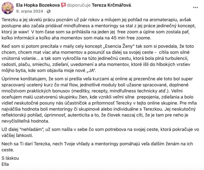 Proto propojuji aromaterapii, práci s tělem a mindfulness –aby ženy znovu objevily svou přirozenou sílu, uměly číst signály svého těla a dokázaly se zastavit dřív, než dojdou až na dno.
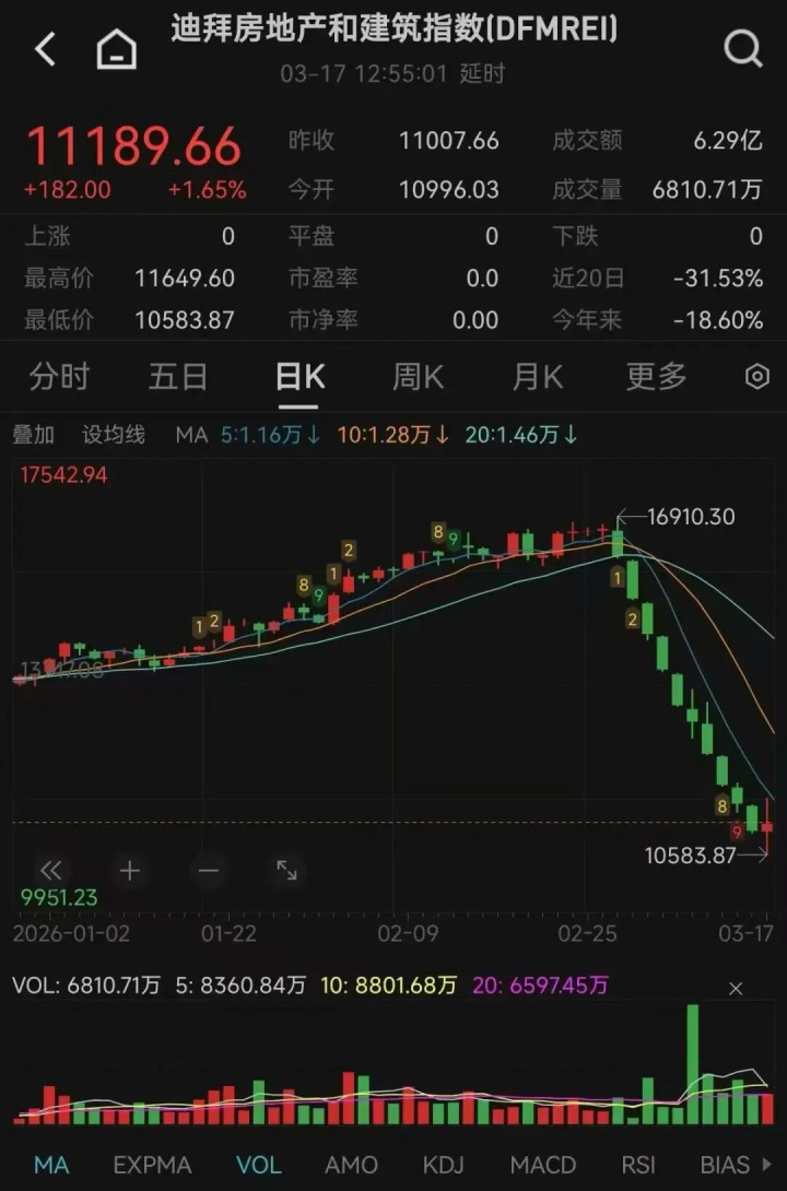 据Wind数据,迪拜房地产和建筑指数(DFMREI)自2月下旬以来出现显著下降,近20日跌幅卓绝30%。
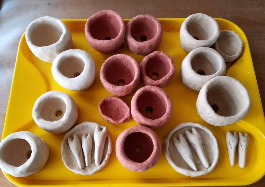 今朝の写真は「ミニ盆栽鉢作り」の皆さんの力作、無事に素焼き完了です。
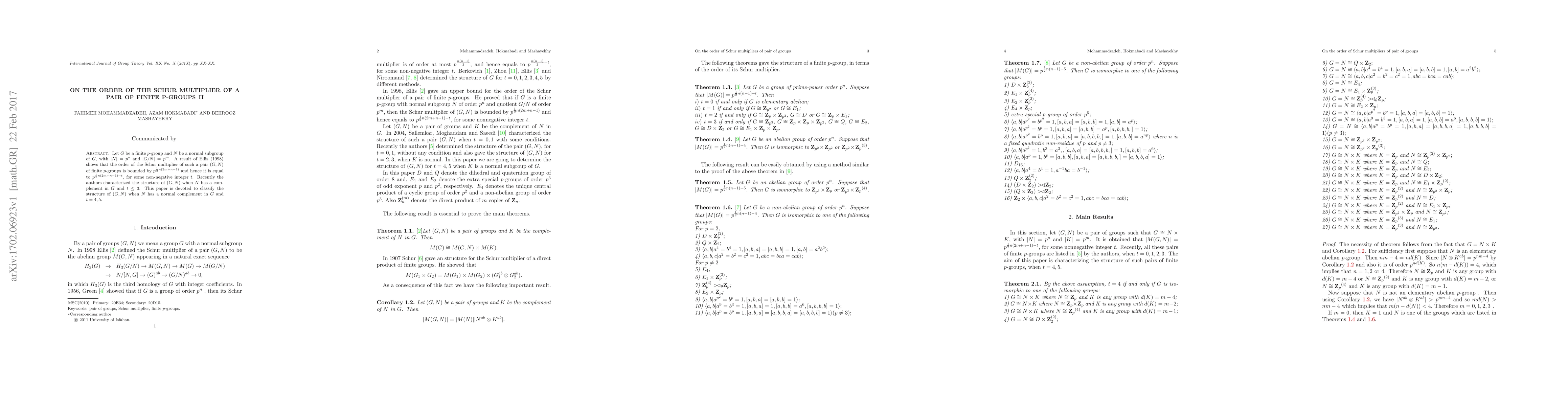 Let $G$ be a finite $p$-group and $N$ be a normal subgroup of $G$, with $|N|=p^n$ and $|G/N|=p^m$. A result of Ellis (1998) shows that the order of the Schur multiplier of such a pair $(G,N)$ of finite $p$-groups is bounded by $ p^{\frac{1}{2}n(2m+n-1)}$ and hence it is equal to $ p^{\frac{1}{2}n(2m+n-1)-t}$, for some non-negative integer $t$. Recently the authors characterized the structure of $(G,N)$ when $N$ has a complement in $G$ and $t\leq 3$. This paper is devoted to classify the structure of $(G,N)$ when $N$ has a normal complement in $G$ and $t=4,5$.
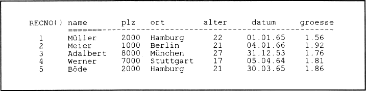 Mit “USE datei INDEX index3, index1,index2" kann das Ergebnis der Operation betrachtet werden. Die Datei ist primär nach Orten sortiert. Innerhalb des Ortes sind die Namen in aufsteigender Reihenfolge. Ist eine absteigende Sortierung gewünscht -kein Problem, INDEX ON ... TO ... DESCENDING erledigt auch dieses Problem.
::::
What is needed:
Quote, please, every line of the material above from its start through the line that has "今朝の写真は「ミニ盆栽鉢作り」の皆さんの力作、無事に素焼き完了です。", reproducing the words exactly and dropping any images.

Written solution:
 Proto propojuji aromaterapii, práci s tělem a mindfulness –aby ženy znovu objevily svou přirozenou sílu, uměly číst signály svého těla a dokázaly se zastavit dřív, než dojdou až na dno.
 据Wind数据,迪拜房地产和建筑指数(DFMREI)自2月下旬以来出现显著下降,近20日跌幅卓绝30%。
 今朝の写真は「ミニ盆栽鉢作り」の皆さんの力作、無事に素焼き完了です。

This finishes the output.